▸ EXERCISE OBJECTIVE: Print only the lines from the top of the data through the line with "The interior showcases", both included, skipping every picture.

▸ Stored entries:
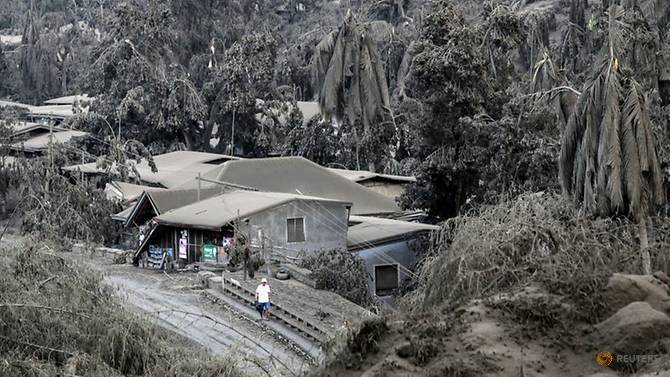 Tại thành phố Talisay, rất nhiều ngôi nhà, phương tiện phủ đầy khói bụi. Những con đường bị lấp đầy bởi tro núi lửa, cây cối bắt đầu chết do vướng bụi quá dày. Ảnh minh họa: CNA
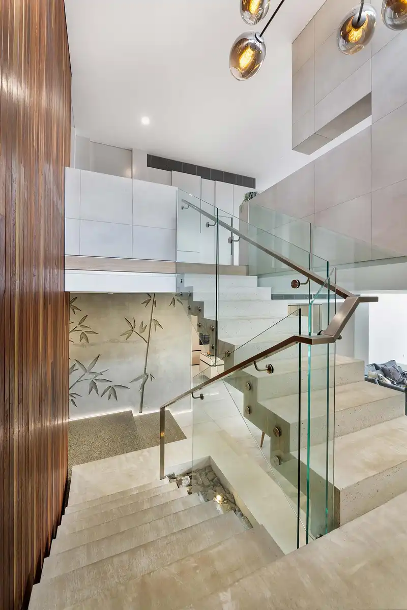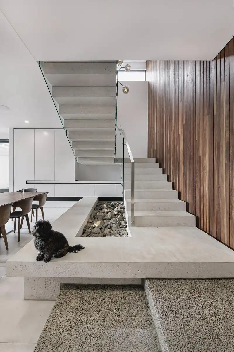 The interior showcases concrete’s versatility, from a “floating white concrete stair” to its interaction with natural light, while timber is introduced as a “counterpoint.” How did you explore concrete’s diverse applications within the home, and what was the design philosophy behind using timber to balance its robust expression?
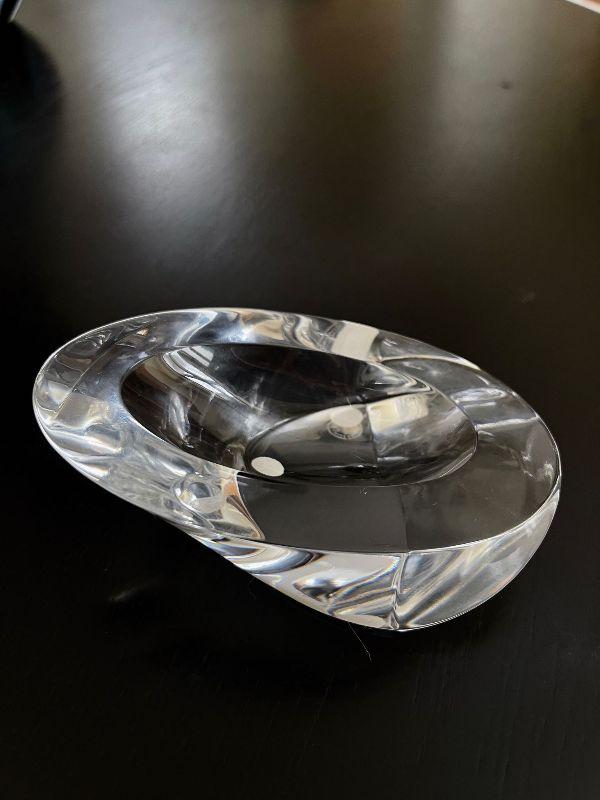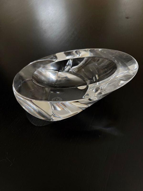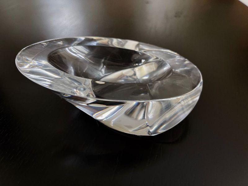 The subject item for auction sale is a hand crafted studio art glass of clear crystal and eliptical shape with a deeply beveled base. The concave bowl is made to rest a gentleman's or gentlewoman's pipe on his/her desk or chair-side stand.
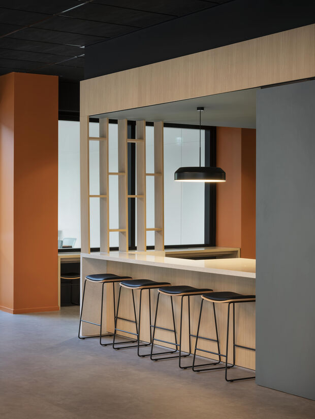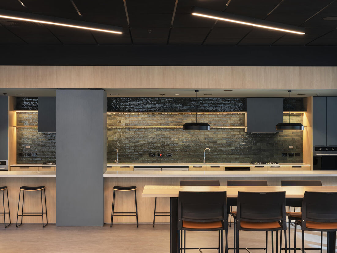 The lift overrun was a design challenge that was resolved through a tiered break-out zone finished in stained strandboard. Materials were selected for their cost efficiencies without compromising on performance or aesthetic. This project showcases how a tight budget need not encroach on a strong design outcome.
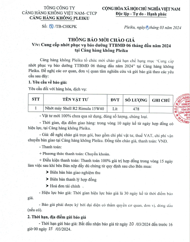 Thông báo mời chào giá về việc "Cung cấp nhớt phục vụ bảo dưỡng TTBMĐ 06 tháng đầu năm 2024 tại Cảng hàng không Pleiku"
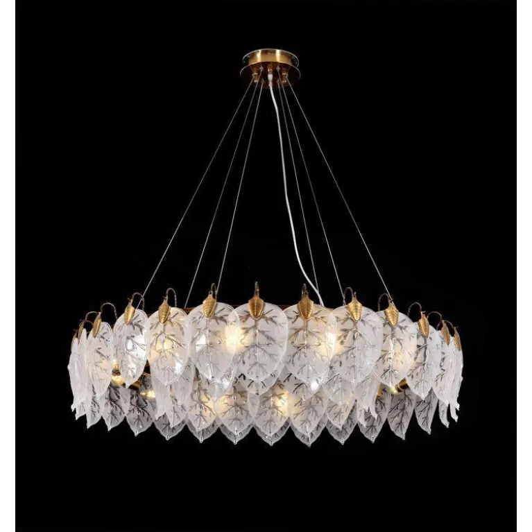 Преобладающий цвет люстры: Золотой, плафонов: Прозрачный, арматуры: Золотой; материал изготовления арматуры: Металл, размеры, мм: / диаметр 600. Общая мощность – 480 Ватт, а максимальная площадь освещения до 22 м2. Основной тип ламп, предусмотренный производителем: Накаливания с цоколем E14. В зависимости от предпочтений можно использовать лампы теплового, холодного или нейтрального света, за исключением люстр с типом цоколя LED.
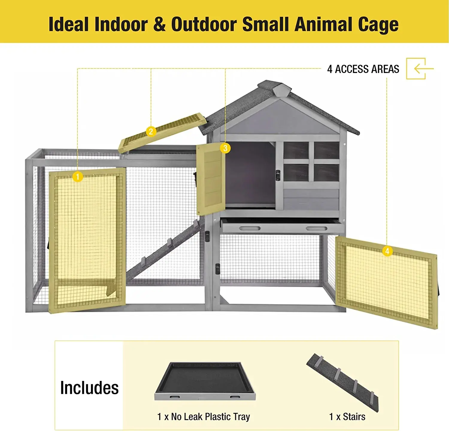 ·Easy Cleaning-Large access doors, opening run's roof and pull out no-leak deeper plastic tray for effortless cleaning.
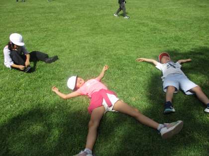 おにごっこをしたり、芝生で大の字で寝っ転がったり…
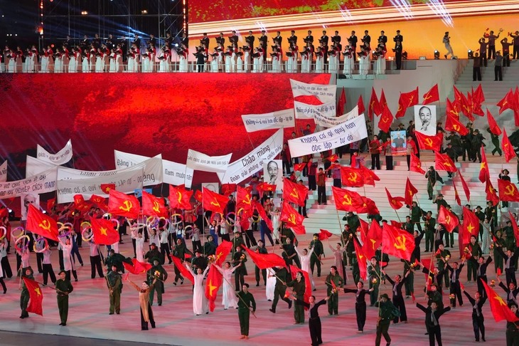 Chương trình dàn dựng công phu, hoành tráng mừng thành công của Đại hội Đảng XIV - Ảnh: VTV |

▸ OUTPUT FOR THIS TASK:
 Tại thành phố Talisay, rất nhiều ngôi nhà, phương tiện phủ đầy khói bụi. Những con đường bị lấp đầy bởi tro núi lửa, cây cối bắt đầu chết do vướng bụi quá dày. Ảnh minh họa: CNA
 The interior showcases concrete’s versatility, from a “floating white concrete stair” to its interaction with natural light, while timber is introduced as a “counterpoint.” How did you explore concrete’s diverse applications within the home, and what was the design philosophy behind using timber to balance its robust expression?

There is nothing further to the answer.